Had that in mind for a long time, not implemented yet as it's not that simple (I think).

As a workaround, what you can do is to snapshot (or move) the subvolume you want to keep, e.g.:

btrfs subvolume snapshot -r home.20210101 home.20210101.keep_forever

Every subvolume which does not have proper btrbk filename will be ignored by btrbk.

digint avatar Oct 23 '21 09:10 digint

For other users, I implemented such a tool, mark-snapshots.sh. Only dependency of this script is btrfs-ls, whose only dependency is btrbk.

My usage is here. As a summary, you may implement the feature by the following approach:

source_snapshots="/path/to/snapshots/dir/on/pc"
target_snapshots="/path/to/the/external/disk/snapshots/dir"

MARK_SNAPSHOTS="path/to/mark-snapshots.sh --suffix .MYDISK1_DONT_DELETE"

# Make the saved snapshots available for btrbk before backup operations
$MARK_SNAPSHOTS "$source_snapshots" --unfreeze  

# Perform the actual backup operation, exit if it fails
perform-your-backup.sh || { echo "Something went wrong"; exit 1; }

# Backups are taken succesfully, remove the old "saved snapshots", create new ones. 
latest_timestamp=$($MARK_SNAPSHOTS "$target_snapshots" --get-latest-ts)
$MARK_SNAPSHOTS "$source_snapshots" --clean  # Delete the saved snapshots
$MARK_SNAPSHOTS "$source_snapshots" --timestamp $latest_timestamp --freeze  # Save the snapshots which have $latest_timestamp timestamp forever 

ceremcem avatar Nov 30 '21 13:11 ceremcem

DO NOT USE above approach because this breaks the parent/child relationship.

How it is broken:

  1. You send your snapshots to your external disk.
  2. You back up the latest snapshot on your host by btrfs sub snap -r mysub.XXXXXX{,.MY_BACKUP}
  3. You guarantee that mysub.XXXXXX.MY_BACKUP will not be deleted by btrbk on backup rotation.
  4. Eventually mysub.XXXXXX (on host) will be deleted according to btrbk's retention policy.
  5. You restore mysub.XXXXXX.MY_BACKUP as mysub.XXXXXX by btrfs sub snap -r ...

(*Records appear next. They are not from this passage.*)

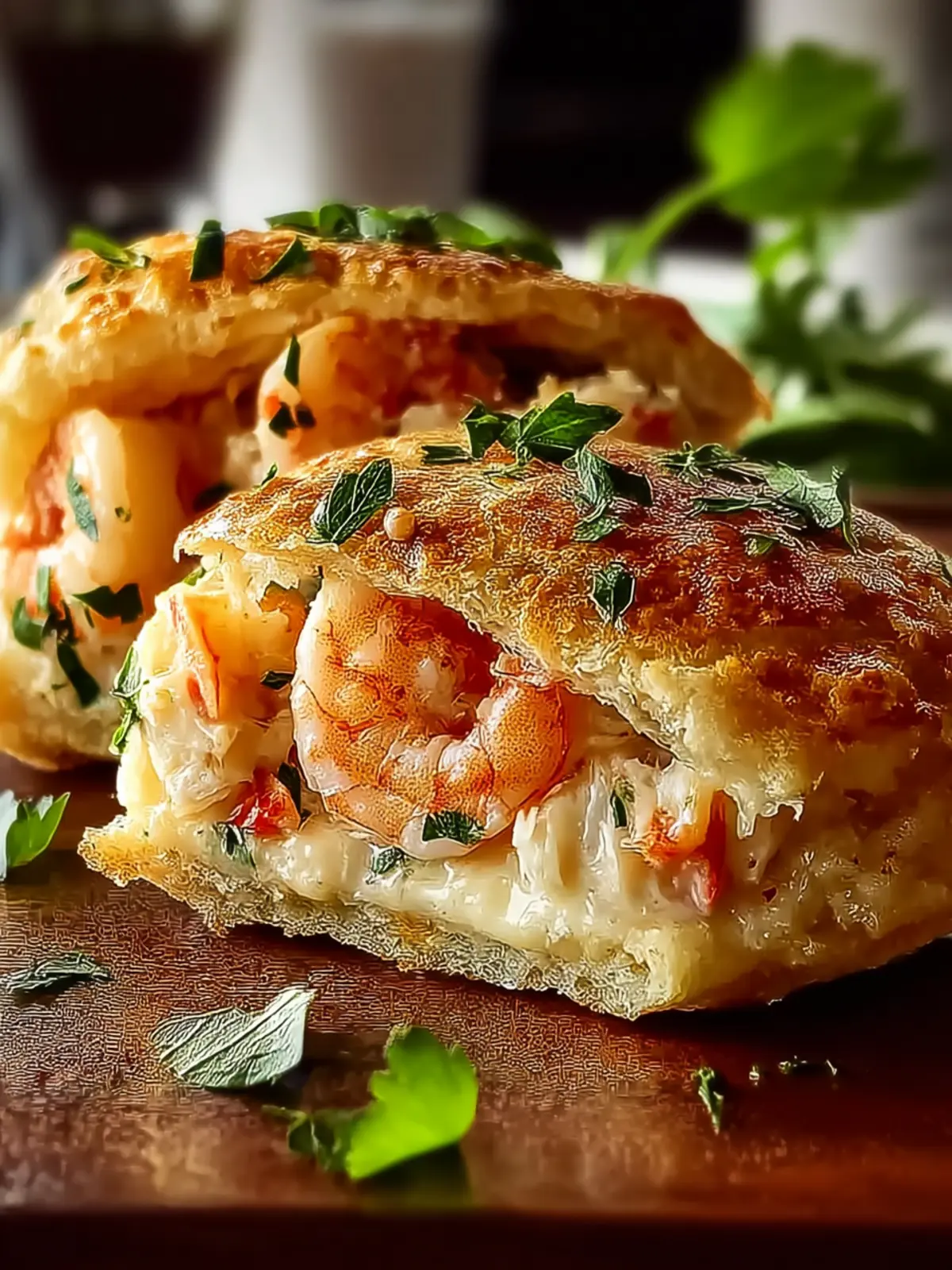 Delicious seafood stuffed biscuits filled with shrimp and crab, perfect for a savory snack or meal.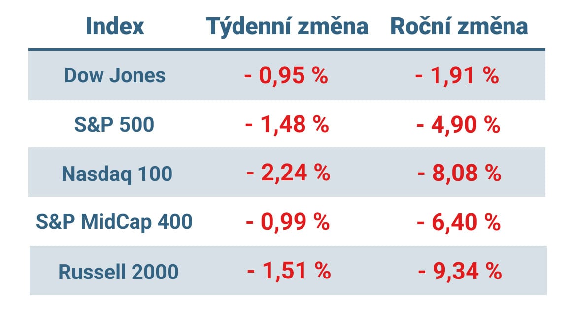 Americké akciové indexy v průběhu týdne klesaly, a to zejména v důsledku oslabení v sektorech informačních technologií a komunikačních služeb. Hodnotové akcie pak již šestý týden po sobě překonaly růstové akcie.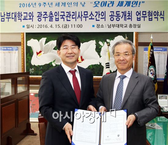 남부대학교 조성수 총장(오른쪽)은 15일 오전 11시 교내 총장실에서 광주출입국관리사무소 김상진 소장과 9주년 세계인의 날 ‘웃어라 세계인’기념행사 공동개최 업무협약을 체결했다.<br />

You shouldn't take risk by using mv in step 2 and 5 because mysub.XXXXXX might be deleted by another btrbk instance (run by cron jobs) before you send any incremental backups.

  1. Run btrbk or (manually run btrfs send -p ... ... | btrfs receive). You will end up with ERROR: cannot find parent subvolume error because Received UUID of the target differs from UUID of the parent (source).

Sadly, you will loose all common snapshots with this approach.

Solution

btrbk must implement this retention policy feature by itself. There is no way around.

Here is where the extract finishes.